Israel y Líbano se preparan para iniciar la próxima semana un ciclo de negociaciones directas con el claro objetivo de abordar el desarme del grupo Hezbolá y explorar la posibilidad de un acuerdo de paz duradero. Sin embargo, este anuncio ha sido ensombrecido por una nueva ofensiva militar israelí que se ha desatado sobre el territorio libanés. El primer ministro Benjamin Netanyahu ha dejado en claro que, a pesar de las conversaciones, las acciones militares continuarán, afirmando que “no hay alto el fuego en el Líbano” y reafirmando la determinación de Israel de seguir atacando a Hezbolá con rigor.
Las negociaciones contarán con el respaldo de Estados Unidos y la participación de representantes de ambos países, incluyendo a la embajadora libanesa en Washington, Nada Hamadeh Moawad, y al embajador israelí Yechiel Leiter. Netanyahu ha indicado que fue el propio gobierno de Líbano quien solicitó el inicio de estas conversaciones, con la esperanza de alcanzar un “acuerdo de paz histórico y sostenible” que permita avanzar en el desarme de Hezbolá, un grupo que cuenta con el respaldo de Irán y que ha sido objeto de constantes ataques por parte de Israel.

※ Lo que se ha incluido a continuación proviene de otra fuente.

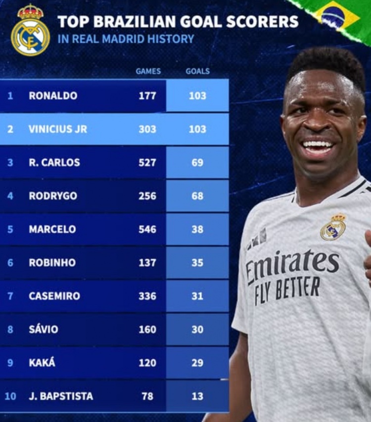 3月16日訊 《轉(zhuǎn)會市場》統(tǒng)計了皇馬歷史巴西球員進球榜,大羅和維尼修斯均打進103球并列最多。

En un mensaje dirigido a los habitantes del norte de Israel, Netanyahu recordó que ya ha establecido cuatro acuerdos de paz con diferentes países árabes y expresó su deseo de forjar nuevos entendimientos en la región. Sin embargo, esta intención de diálogo parece contradecir las acciones militares que Israel ha llevado a cabo en las últimas horas, donde se han intensificado los ataques aéreos contra plataformas de lanzamiento de Hezbolá en Líbano. Esta dualidad entre el deseo de paz y la guerra activa plantea interrogantes sobre la viabilidad de las negociaciones.
Los recientes bombardeos se produjeron escasas horas después de que las autoridades israelíes emitieran advertencias de evacuación para ciertas áreas de Beirut, lo que intensifica la crisis en la región. El jefe del ejército israelí, Eyal Zamir, ha indicado que la misión de las fuerzas armadas es “seguir profundizando el daño y continuar debilitando a Hezbolá”, lo que sugiere que la estrategia militar no solo busca desarticular a este grupo, sino también enviar un mensaje claro a otras entidades en la región que podrían considerar desafiar a Israel.
La escalada de la violencia se produce en un contexto marcado por una serie de ataques aéreos a gran escala que han sido ejecutados sobre todo el Líbano, con cerca de 100 bombardeos en un corto periodo de tiempo dirigido a posiciones estratégicas del grupo chiita. Según datos proporcionados por el Ministerio de Salud Pública de Líbano, la ofensiva ha resultado en más de 300 muertes y aproximadamente 1.150 heridos, lo que añade una dimensión humanitaria alarmante a la crisis y complica aún más la posibilidad de alcanzar un acuerdo pacífico.
Las conversaciones que se llevarán a cabo entre ambos gobiernos no solo buscarán desarmar a Hezbolá, sino también establecer relaciones pacíficas entre dos naciones que carecen de vínculos oficiales y que se encuentran formalmente en estado de guerra. Este trasfondo complicado se ha visto agravado por el reinicio de los combates transfronterizos desde principios de marzo, y por las tensiones suscitadas por la discusión sobre si la tregua entre Irán y Estados Unidos abarca el frente libanés. El desenlace de estas negociaciones, en un clima de hostilidad persistente, será crucial para determinar el futuro de las relaciones entre Israel y Líbano y la estabilidad de la región en su conjunto.